Saints are lofty figures seen by practising Catholics as figures who
can intercede with God on their behalf. Typically a cause, or case, for
sainthood can start only five years after death.
Candidates are
generally forwarded to Vatican City from the diocese where they died,
with postulators in Rome compiling reports to submit to a panel of
Vatican authorities. Most candidates generally require two “proven”
miracles, though figures who died for the faith need only one. Such
claims are verified through exhaustive, if secretive, reviews.
In the case of Mother Teresa, John Paul II initially lifted the
five-year rule, allowing her process to start early. Although the second
miracle attributed to her intervention — a Brazilian man who recovered
from a brain infection after praying to her — is alleged to have
occurred in 2008, Vatican officials say they were not made aware of it
until 2013, following Francis’ official trip to Brazil.
All Francis did to further her cause, officials suggest, was sign on the dotted line.
Yet in other instances, Francis has effectively waved the two-miracle
rule, accepting only one, or even none, no fewer than eight times. In
select cases, that has served to speed up sainthood.
They include the case of Peter Faber, one of the founders of Francis’
own Jesuit order and a figure viewed as a personal hero of the pope.

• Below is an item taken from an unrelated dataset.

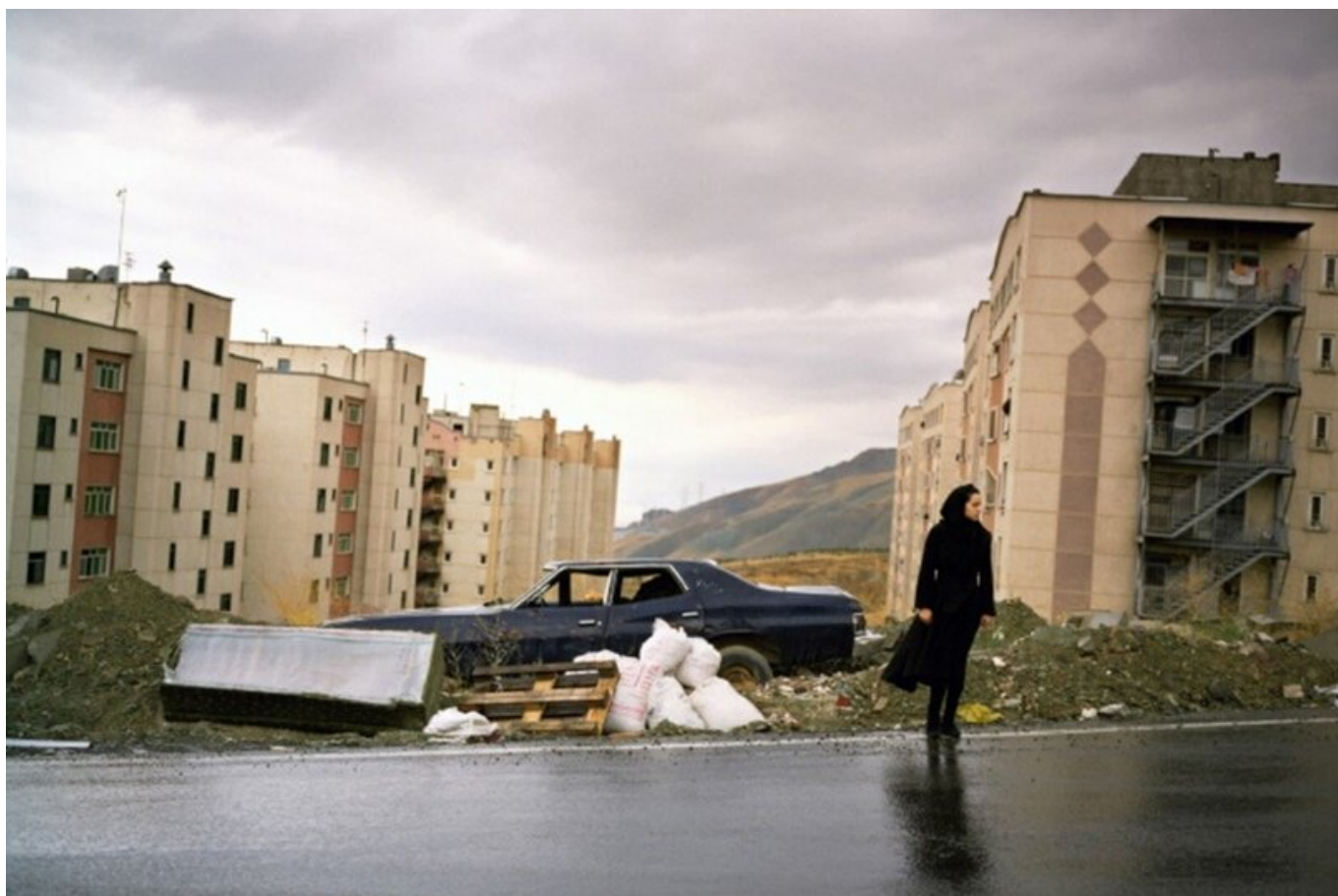
Again me standing in the cold, alone / Снова я стою на холоде, одна, 2010. Newsha Tavakolian / Ньюша Таваколян.

Francis, on his own birthday, canonized Faber, earlier telling the
Catholic magazine America the reasons he found him so worthy.
It was, the pope said, because of Faber’s “dialogue with all, even
the most remote and even with his opponents, his simple piety, a certain
naïveté perhaps, his being available straightaway, his careful interior
discernment, the fact that he was a man capable of great and strong
decisions but also capable of being so gentle and loving.”